Ahí estaban, pues. Ésos eran los machiguengas.

No tuve ni tiempo de conmoverme. Para aprovechar al máximo la luz nos pusimos a trabajar de inmediato y, afortunadamente, ninguna catástrofe nos impidió tomar imágenes de las cabañas -todas idénticas: una simple plataforma de troncos sostenida sobre pilotes, unos delgados tabiques de caña que sólo cubrían la mitad de los lados, el penacho de hojas de palmera que era el techo, y unos interiores austeros, pues sólo albergaban esteras enrolladas, bateas, redes de pescar, arcos y flechas y puñaditos de yuca, maíz y unos porongos- ni entrevistar a la maestra, la única que podía expresarse, aunque con dificultad, en español. Era también la administradora de la tienda del pueblo, adonde dos veces al mes llegaba un lancha trayendo provisiones. Mis intentos de obtener de ella alguna información sobre los habladores fueron inútiles. ¿Alcanzaba a entender a quiénes me refería? Parecía que no. Me miraba con una expresión sorprendida, ligeramente inquieta, como rogándome que me volviera inteligible.

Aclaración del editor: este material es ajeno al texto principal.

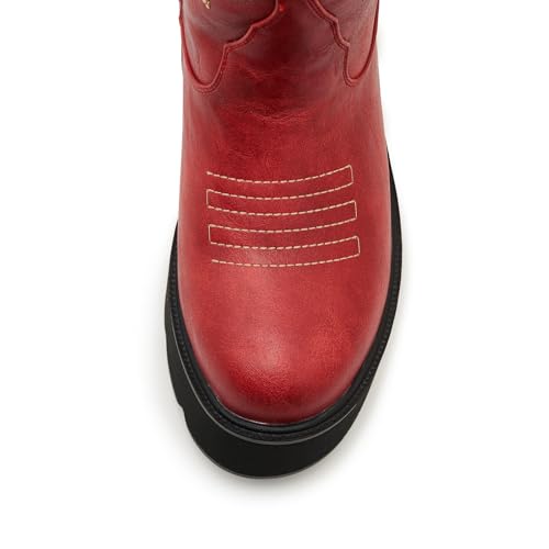 • Statement Platform Design These red platform cowgirl boots feature a chunky sole that adds height and bold style to any outfit.
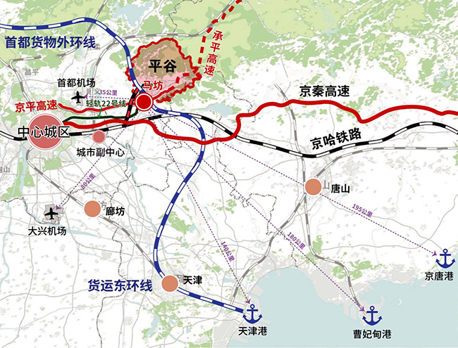 · 铁网:平谷铁路南与京哈线联通,北与首都货运外环线铁路联通,在建轻轨22号线也将于2025年全线交付运营;
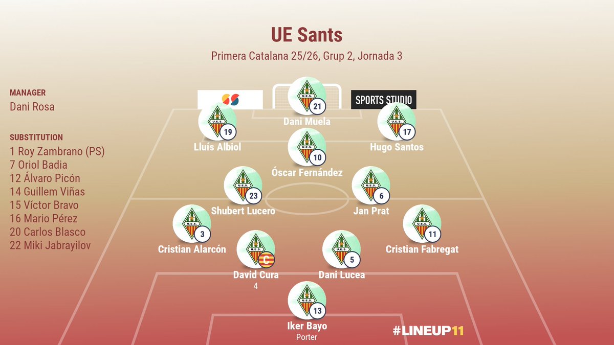 13 Iker Bayo Porter; 3 Cristian Alarcón, 4 David Cura C, 5 Dani Lucea, 11 Cristian Fabregat; 23 Shubert Lucero, 6 Jan Prat; 10 Óscar Fernández; 19 Lluís Albiol, 17 Hugo Santos; 21 Dani Muela

Aunque no podíamos conversar directamente con ellos, sino a través de los Schneil, los otros machiguengas se mostraron bastante serviciales y pudimos grabar algunos cantos y bailes y la refinada operación mediante la cual una anciana se iba pintando, en la cara, dibujos geométricos, con tintura de achiote. Tomamos vistas de los nacientes sembríos, de los corralitos de aves, de la escuela, y la maestra se empeñó en que escucháramos a los alumnos cantar el Himno Nacional en machiguenga. Uno de los niños tenía la cara destruida por esa especie de lepra que es la uta -los machiguengas la atribuyen a la picadura de una luciérnaga de color rosado, con el abdomen hirviendo de puntitos brillantes- y, por la manera desinhibida y natural con que actuaba y correteaba entre los otros chiquillos, no parecía, a simple vista al menos, objeto de discriminación y burlas a causa de su deformidad.